Economics was historically the discipline to apply Game Theory most. Initial
concepts like Nash justified many early models of Markets. Earlier concepts of
non-perfect competition were formalized with Game Theory. Things really
started to take off when asymmetric information were introduced. Think Moral
Hazard, Signaling Games, Contract Theory and so forth. What we know about
economics, organizations, business, competition and many social phenomena
today has largely been developed by applying Game Theory. There are too many
great names to mention: Akerlof, Tirole, Spence, Hart, Homström, Myerson,
Stiglitz.

5\. Mechanism Design and Auction Theory

In the 70's and 80's, from the above applications, economists like Hurwitz,
Myerson and Maskin developed mechanism design. The idea is simple and genius:
If agents play games, what if we can choose the game they play? Which game do
we choose without them walking away, but with us getting the desireable
outcome? What is, in other words, the optimal mechanism inducing the agents to
play a game? Initial examples and todays shining example of econ in action is
Auction design. Which sort of auction mechanism is best to sell ads, be ebay
or assign broadband licences? Mechanism design leads to very complex problems,
which is why until the early 90's many simplified assumptions were used. While
mechanism design has been very useful, this also lead to two developments. In
econ, papers started to get more and more complex to accomodate real life
issues like non-monetary transfers, dynamics, complex type sets and so forth.
Computer scientists trying to implement mechanisms quickly discovered that
many were simply to complex, so they started Algorithmic MD.

6\. Experimental and behavioral games:

So earlier, I said that a whole cataloque of equilibrium refinement basically
died out. Why is that? Well, with behavioral econ we were introduced to more
realistic approaches to decisionmaking. Then questions arose, such as "what if
I can not count on rationality of my competitor". As it turns out, this may
actually break the inference of Nash equilibria pretty handily.

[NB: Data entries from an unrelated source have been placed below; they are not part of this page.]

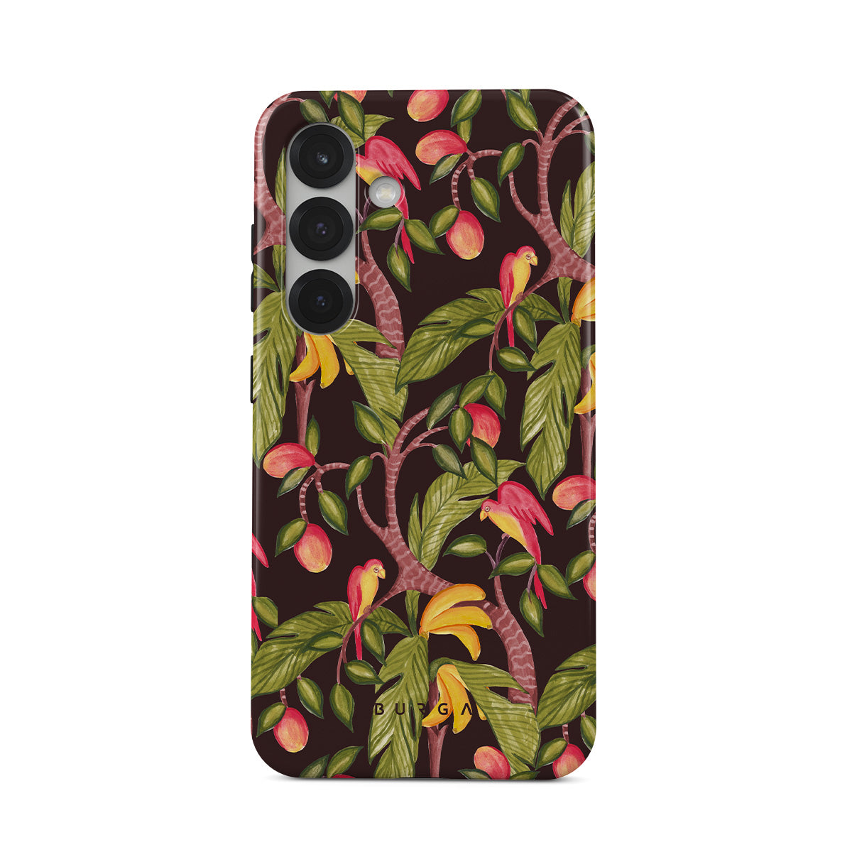Główne elementy projektu: mango, ciemnozielone liście, wzór inspirowany dżunglą
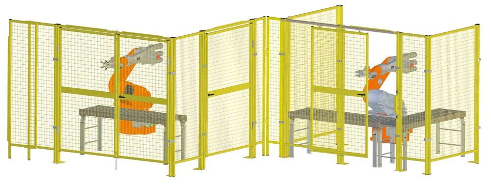 ∙ Maximale Sicherheit und normgerechter Unfallschutz an automatischen Anlagen und Robotern durch solide Schweißkonstruktion ∙ Variabel und vielseitig einsetzbar ∙ Vorschriftsmäßige Maschenweite von 50 x 25 mm ∙ Ausführung nach EN ISO 13857, Maschinenrichtlinie 2006/42/EG
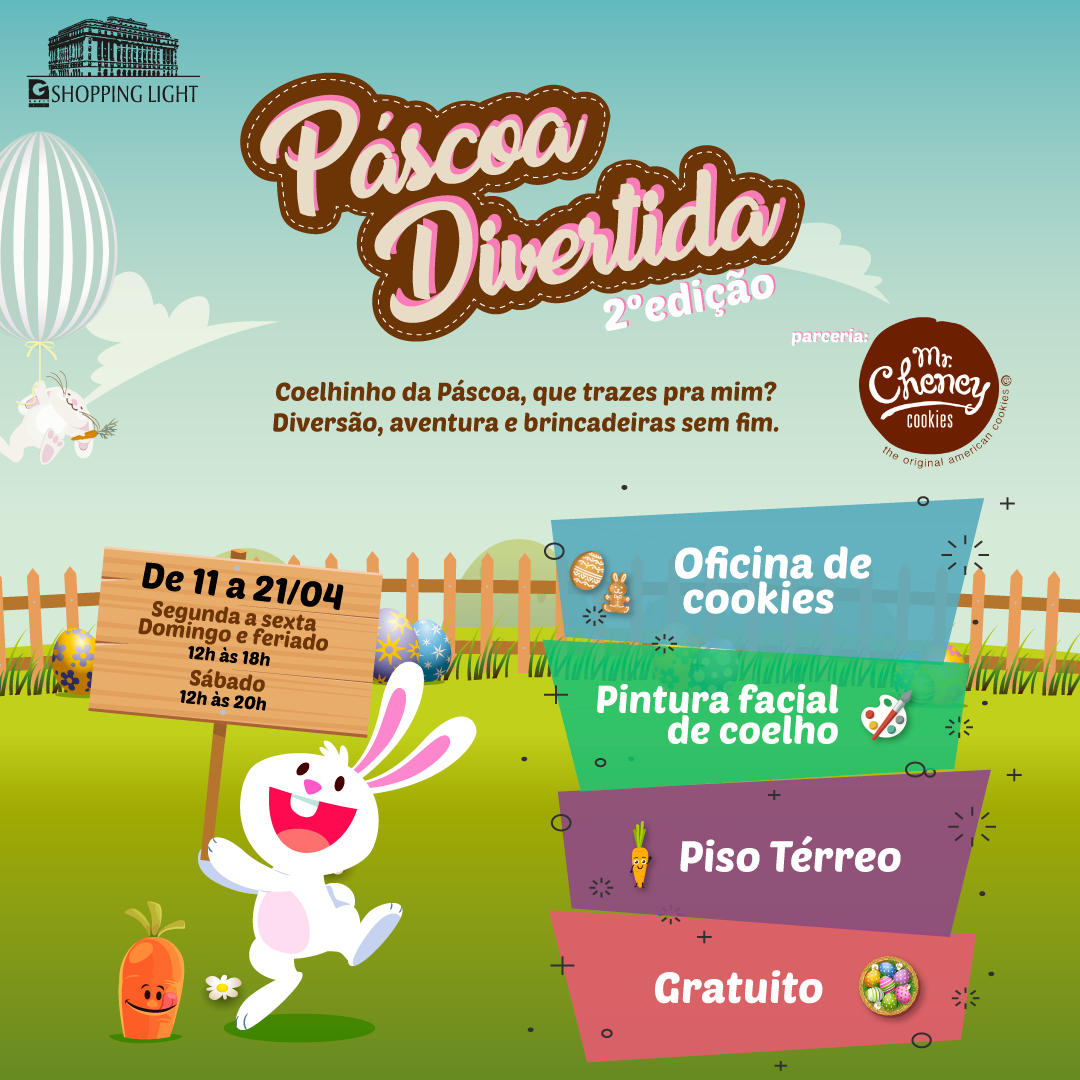 A brincadeira não para por aí. O espaço contará também com mesinhas e cadeiras, onde os pequenos poderão criar orelhinhas de coelho e cestas de Páscoa em EVA. O espaço, que comporta 12 crianças por vez, estará à disposição da garotada entre os dias 12 e 21 de abril, das 12h às 20h. O acesso às atividades é por ordem de chegada.
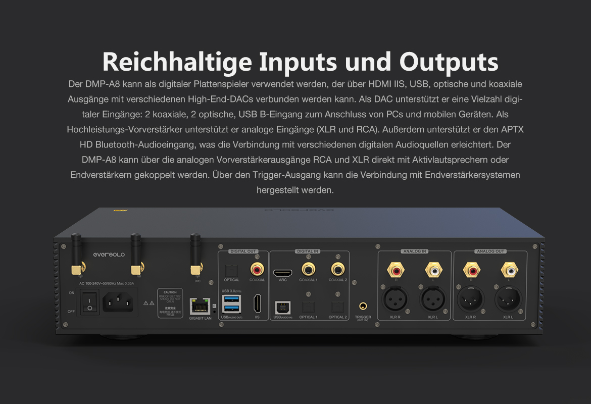 Ähm nein. Bitte einen eigenen Thread für den Eversolo A8 aufmachen.
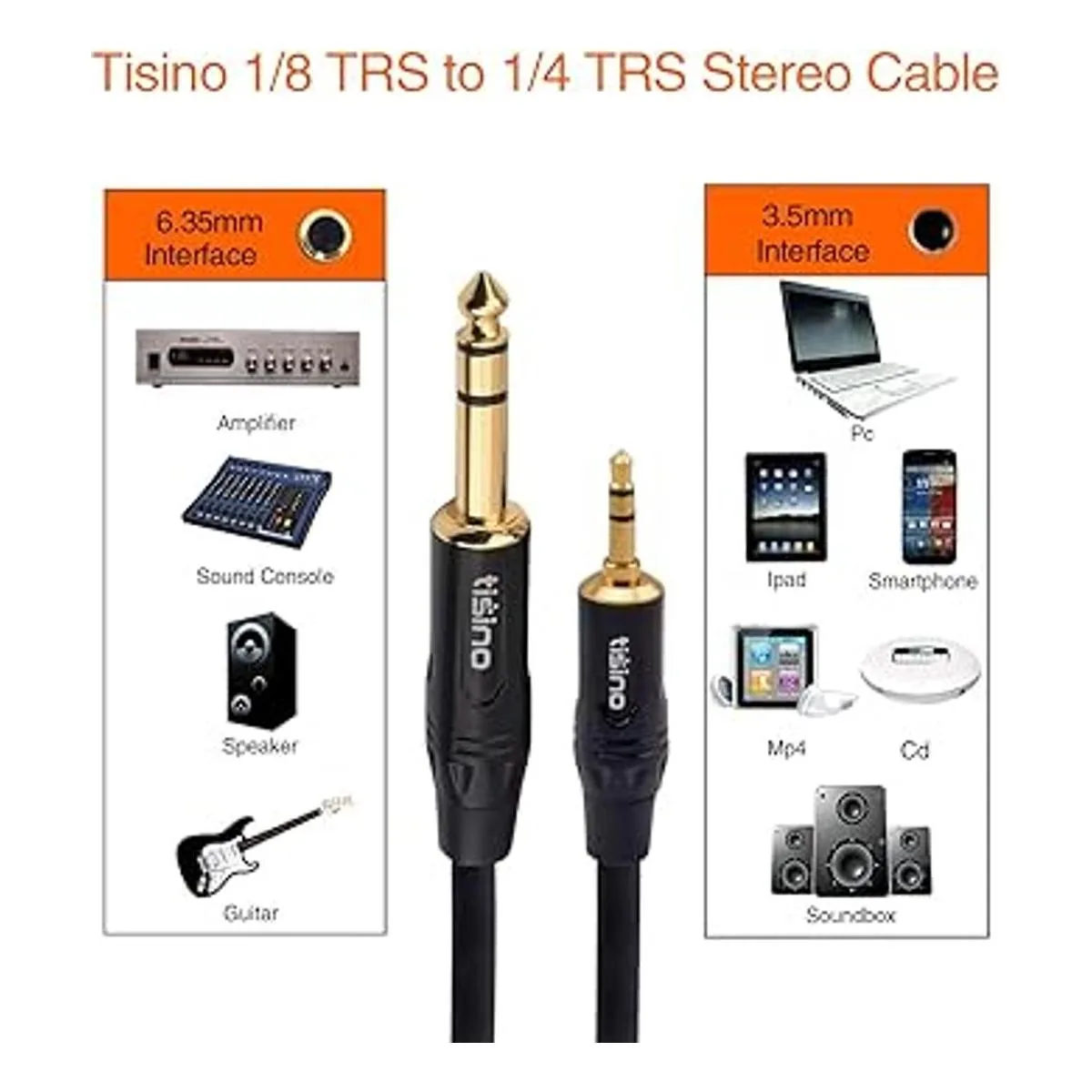 Cable estéreo TRS de 0.138 in a 1/4, este cable tiene dos conectores macho, puede comunicarse en ambas direcciones, el audio puede fluir en cualquier dirección. Este cable está diseñado para interconectar dispositivos de audio con jack estéreo de 1/4 pulgadas y mini jack estéreo de 1/8 pulgadas. Es ideal para conectar tu smartphone, iPod, iPod, ordenador portátil o PC con una salida jack de 0.138 in a un dispositivo con entradas jack de 0.250 in como altavoces, consola de mezcla, dispositivos de cine en casa, amplificadores, etc.
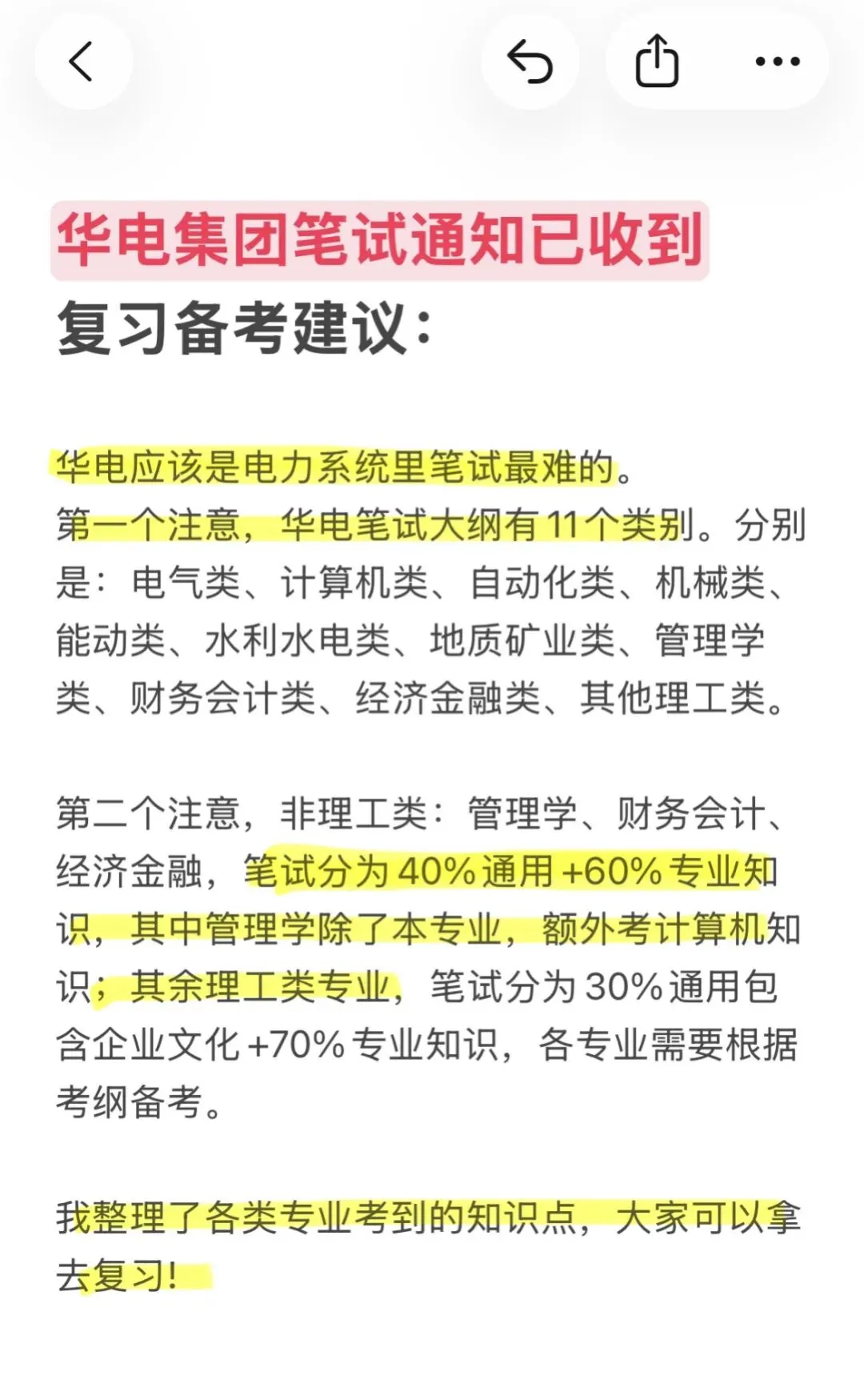 第一个注意,华电笔试大纲有11个类别。分别是:电气类、计算机类、自动化类、机械类、能动类、水利水电类、地质矿业类、管理学类、财务会计类、经济金融类、其他理工类。

At the same time, economists and psychologists put people in experiments to
play games. In some situations, Nash worked well. In other situations, one
could accomodate much by using more complex Decision Theory. But in many
instances, people would just not play Nash. In other words, they couldn't even
figure out the most basic solution concept. Indeed one can do all sorts of
experiments in a Game Theory 101 class showing that people often choose much
too heuristically. Equilibrium refinements make Nash more complex, it was
clear they had to be abandoned. Currently, research joint in decision theory
and game theory works on finding better ways to model behavior when Nash is
not reached.

Books:

Osborne/Rubinstein has been mentioned. Contrary to what was said, this is an
undergrad book and a solid intro. There are two classic works. The major one
is by Tirole and Fudenberg, the other is by Myerson. The former is more
standard, the latter is better. Now there is a new book by Maschler, Solan and
Zamir with like 900 pages. It's really good, and I would definitly get it as a
second book after an intro.

For Mechanism Design, the best book is by Tilman Boergers. It's also free to
download. Auction Theory specifically has a standard volume by Krishna. Both
of those are math heavy. This is true in general, but Game Theory concepts can
often be explained by intuition. For Mechanism Design, I fear that a solid
math background would be required, because the space of "choosing a game" is
mathematically not so nice. However solid means you should have a good
grounding in analysis and optimization, perhaps dynamic systems. Basically, a
math heavy undergrad education will be fine.

hope this helps

------
nurettin
Explanation of Part V in the introduction is interesting and might be a
property which sets this book apart from the fold.

------
nurettin
Anyone know of any sources for game theory applications to ethics?